If you’ve already set up the hidden service but lost the connection address, you can obtain it again by running the following command with “admin” on your node:

  $ sudo cat /var/lib/tor/hidden_service_electrs/hostname`
  > abcd...1234.onion

Sparrow configuration

  • Open Sparrow
  • Navigate to the server configuration page by hitting Ctrl+P, or Cmd+, on OSX, then click on “Server”
  • Click on the “Private Electrum” tab. If you’ve already have an existing clearnet connection, click on “Edit Existing Connection”.
  • On the “URL” line, paste your Tor hidden service connection address (e.g. “abcd…1234.onion”) in the first box and 50002 in the second box
  • Enable SSL by clicking on the slider
  • Click on “Test Connection”. A green tick should appear on the button and you should see something similar to the following output:

    > Connected to [...] on protocol version 1.4
    > [...]
    

Sparrow connect to Electrs via Tor

You’re set! Sparrow is now configured to connect to your node over Tor and you can use it wherever you are.

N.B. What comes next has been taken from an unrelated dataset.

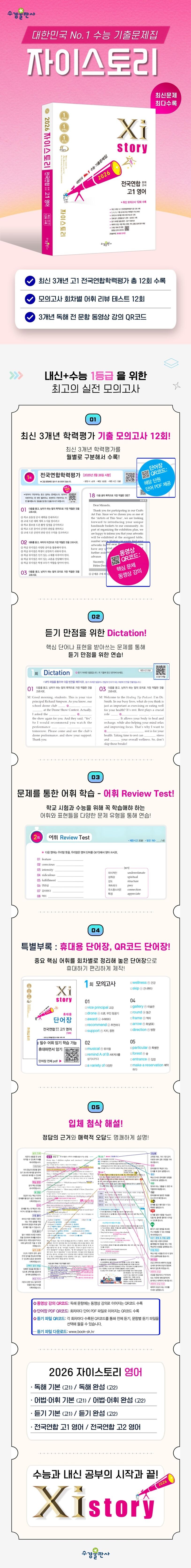 자이스토리는 수능 영어에 대비하기 위해 최신 3개년 전국연합학력평가 모의고사 12회분을 동일하게 수록하여 완벽한 수능 실전 훈련을 할 수 있도록 하였습니다. 듣기 영역의 딕테이션 배속 조절 유튜브 QR코드 파일과 독해 영역의 동영상 강의까지 제공하여 영어 1등급으로 가는 최고의 지름길을 안내합니다. 문제를 풀고 난 이후에는 정답의 근거와 오답 함정까지 알려주는 입체 첨삭 해설을 통해 모든 문제를 완전히 이해하면서 공부할 수 있습니다. 이 책의 마지막 페이지를 넘길 때쯤 여러분은 이미 영어 1등급에 도달해 있을 것입니다.

(Optional) Set up a Tor proxy for external services

If a Tor proxy is configured in Sparrow, all external connections use Tor. This includes rate fetching, coinjoin etc - even transaction broadcasting is then done via external service (like blockstream.info) over Tor for additional privacy. Where-ever possible, the onion URLs of these services are used.

Sparrow can be configured to use an internal (bundled) or external Tor proxy. To use the internal proxy, an onion Electrum server URL must be specified, and the ‘Use Proxy’ toggle must be off. Therefore, the following section only applies if you connect to your Electrum server using the local IP address within your local network (e.g., raspibolt.local or 192.168.0.20). If you’re using a Tor onion address to connect to your node, then Sparrow is already using the internal proxy and there is nothing else to be done!

If you’re using a local connection, we recommend that you set up this external Tor proxy as described below for maximal privacy.

Preparations on your computer

For Sparrow Wallet to connect to the external services via Tor, Tor has to be running on your computer. You can run the Tor Browser and use port 9150 on localhost or else run Tor as a background service and use port 9050.

Here, we’ll use the Tor Browser and port 9150 as it is easier to set up on Windows and macOS.

  • Install the Tor Browser on your computer by following this guide.
  • Launch the Tor Browser
  • Click on “Always connect automatically” and “Connect”
  • Keep the Tor Browser running while using Sparrow

Note: For Linux Debian-based OS users, you might prefer to just have Tor running in the background and not have to open the Tor Browser each time you’re using Sparrow Wallet. If so, instead of intalling the browser, simply install Tor with sudo apt install tor and check that it is running with systemctl status tor. Remember that when using the Tor daemon, the Tor proxy will communicate on port 9050.

Wallet configuration

  • Open Sparrow
  • Navigate to the server configuration page by hitting Ctrl+P, or Cmd+, on OSX, then click on “Server”
  • Click on the “Private Electrum” tab. If you’ve already have an existing clearnet connection, click on “Edit Existing Connection”.
  • Enable the Tor proxy by clicking on the “Use proxy” slider
  • On the “Proxy URL” line, paste 127.0.0.1 in the first box and either 9150 or 9050 in the second box depending if you run the Tor Browser or Tor as a background service.
  • Click on “Test Connection”. A green tick should appear on the button and you should see something similar to the following output:

    > Connected to [...] on protocol version 1.4
    > [...]
    

Tor daemon proxy usage

Now, let’s go back to the wallet and check that the proxy is working properly.

  • Close the server configuration window
  • Check the two icons in the bottom right corner of the wallet window status icons
    • The first icon should be grey, not red; and a mouse hover should display “External Tor proxy enabled”

You’re set! Sparrow Wallet is now configured to use the Tor proxy when fetching the Bitcoin price and when communicating with the Whirlpool server during CoinJoins.


For the future: Sparrow update

Sparrow will automatically notify you when an update is available. Simply install the updates using the usual method for your OS.